● **Data below**:
::::

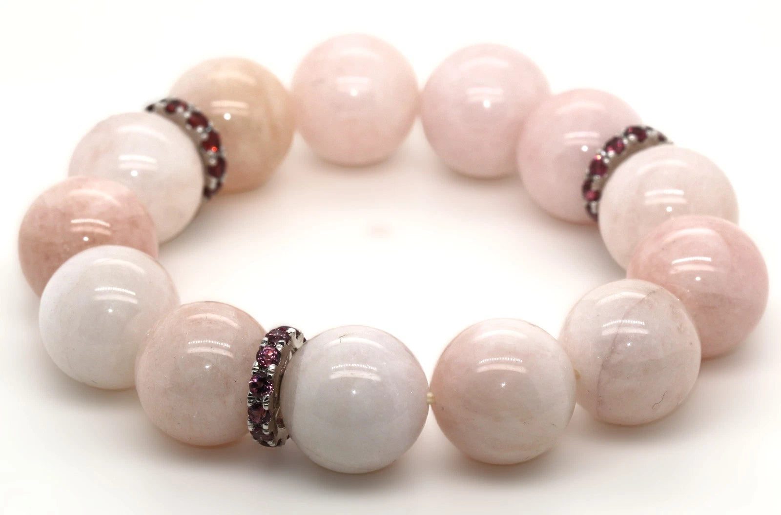 Morganite Bead A Quality - Rhodolite Garnet Stretch Bracelet
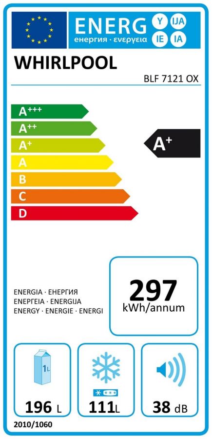 Kombinovaná chladnička s energetickou třídou A+ o celkovém užitném objemu 307 l. Objem chladničky 196 l a objem mrazničky 111 l.
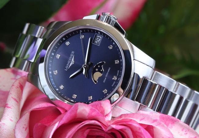 全新Longines浪琴表Conquest 征服者月相女士腕錶以藍色面盤帶來嶄新風貌,精緻的藍色半月型月相顯示設計為運動風格注入時尚率性氣息,是一款能展現活力兼具實用性能的優雅時計。全新Longines浪琴表Conquest征服者月相女士腕錶,錶徑為29.5毫米,搭載L296石英機芯與不鏽鋼錶殼與錶帶。沉靜的藍色面盤點飾著11個精緻鑽石時標。並於6點鐘位置設有藍色半月型月相顯示,讓素雅時尚的面盤更添設計巧思。
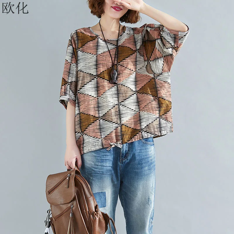 Женские футболки размера плюс с рукавом летучая мышь, хлопковые льняные футболки, женские футболки большого размера в полоску с геометриче...

::::

● **Problem to solve**: Pictures stay out of this copy. Retype exactly the lines from the one with "全新Longines浪琴表Conquest 征服者月相女" through the last line of the data, both ends included, and nothing more.

● **Expected answer**:
 全新Longines浪琴表Conquest 征服者月相女士腕錶以藍色面盤帶來嶄新風貌,精緻的藍色半月型月相顯示設計為運動風格注入時尚率性氣息,是一款能展現活力兼具實用性能的優雅時計。全新Longines浪琴表Conquest征服者月相女士腕錶,錶徑為29.5毫米,搭載L296石英機芯與不鏽鋼錶殼與錶帶。沉靜的藍色面盤點飾著11個精緻鑽石時標。並於6點鐘位置設有藍色半月型月相顯示,讓素雅時尚的面盤更添設計巧思。
 Женские футболки размера плюс с рукавом летучая мышь, хлопковые льняные футболки, женские футболки большого размера в полоску с геометриче...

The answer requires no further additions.